Right, but here I'm assuming (and asserting) that the base objects are the 
same.

> Index: alias.c
> ===================================================================
> --- alias.c     (revision 197926)
> +++ alias.c     (working copy)
> @@ -2232,8 +2232,11 @@ nonoverlapping_component_refs_p (const_r
> 
>      found:
>        /* If we're left with accessing different fields of a structure, then
> no -        possible overlap, unless they are both bitfields.  */
> -      if (TREE_CODE (typex) == RECORD_TYPE && fieldx != fieldy)
> +        possible overlap, unless they are both bitfields.
> +        ??? Pointer inequality is too fragile in the LTO compiler.  */
> +      if (TREE_CODE (typex) == RECORD_TYPE
> +         && fieldx != fieldy
> +         && DECL_NAME (fieldx) != DECL_NAME (fieldy))
> 
> this, if at all, should go in with a separate patch and a testcase.
> And I think it should _not_ go in.

OK, I can remove the LTO related bits.

> Otoh...
> 
> +      /* ??? We cannot simply use the type of operand #0 of the refs here
> +        as the Fortran compiler smuggles type punning into COMPONENT_REFs
> +        for common blocks instead of using unions like everyone else.  */
> +      tree type1 = TYPE_MAIN_VARIANT (DECL_CONTEXT (field1));
> +      tree type2 = TYPE_MAIN_VARIANT (DECL_CONTEXT (field2));
> +
> +      if (type1 != type2 || TREE_CODE (type1) != RECORD_TYPE)
> +        goto may_overlap;
> +
> +      /* ??? Pointer inequality is too fragile in the LTO compiler.  */
> +      if (field1 != field2 && DECL_NAME (field1) != DECL_NAME (field2))
> 
> this suggests you are seeing multiple FIELD_DECLs for the same field
> in the _same_ FIELD_DECL chain ...?!  Are you sure this happens with
> GCC 4.8?  There were some fixes in that area in the LTO type merging code.

No, let's drop the LTO related bits for mainline.  But the Fortran related 
bits are necessary, it's the verification you talked about earlier: for a 
COMPONENT_REF

  TYPE_MAIN_VARIANT (TREE_TYPE (TREE_OPERAND (t, 0)))
    = TYPE_MAIN_VARIANT (DECL_CONTEXT (TREE_OPERAND (t, 1)))

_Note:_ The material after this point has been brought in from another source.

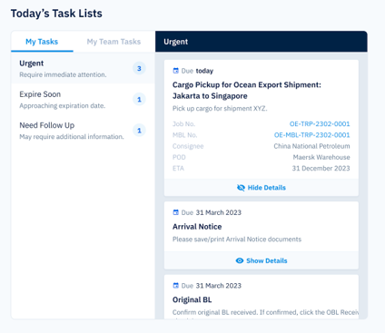 CargoShip Task Lists
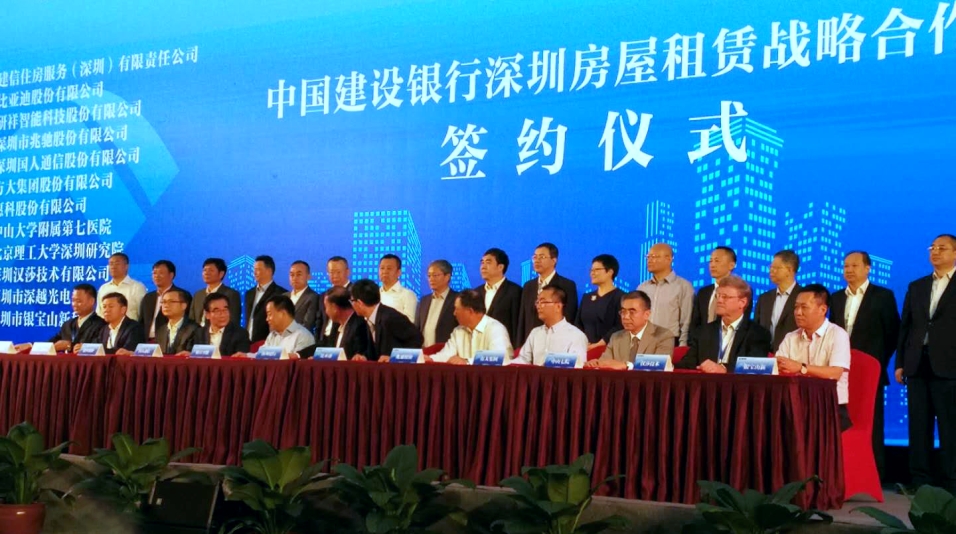 【新华社深圳11月3日电】 3日,建设银行深圳分行与招商、华润、万科、恒大、中海、碧桂园、星河等11家房地产公司,以及比亚迪、2007so太阳集团、研祥智能、兆驰等11家企事业单位举行住房租赁战略合作签约仪式,推出5000余套包括“CCB建融家园”在内的长租房源,并发布个人住房租赁贷款产品,标志着建设银行正式进军深圳住房租赁市场。

is expected to be always true (but isn't checked as you pointed out).  But the 
Fortran compiler violates it (4.9, gfortran.dg/aliasing_array_result_1.f90) as 
it implements a common block by defining 2 RECORD_TYPEs with 1 field, one for 
each variables, and does an implicit type conversion of TREE_OPERAND (t, 0).

> Index: tree-streamer.c
> ===================================================================
> --- tree-streamer.c     (revision 197926)
> +++ tree-streamer.c     (working copy)
> @@ -267,10 +267,9 @@ record_common_node (struct streamer_tree
>        /* The FIELD_DECLs of structures should be shared, so that every
>          COMPONENT_REF uses the same tree node when referencing a field.
>          Pointer equality between FIELD_DECLs is used by the alias
> -        machinery to compute overlapping memory references (See
> -        nonoverlapping_component_refs_p).  */
> -      tree f;
> -      for (f = TYPE_FIELDS (node); f; f = TREE_CHAIN (f))
> +        machinery to compute overlapping component references (see
> +        nonoverlapping_component_refs_of_decl_p).  */
> +      for (tree f = TYPE_FIELDS (node); f; f = TREE_CHAIN (f))
>         record_common_node (cache, f);
>      }
>  }
> 
> without actually removing nonoverlapping_component_refs_p it still applies
> to both...

Will adjust.

> Can you port the non-quadratic algorithm to the RTL
> nonoverlapping_component_refs_p first?  The core code should exactly
> be the same ... (and shared, and only called once from the RTL oracle).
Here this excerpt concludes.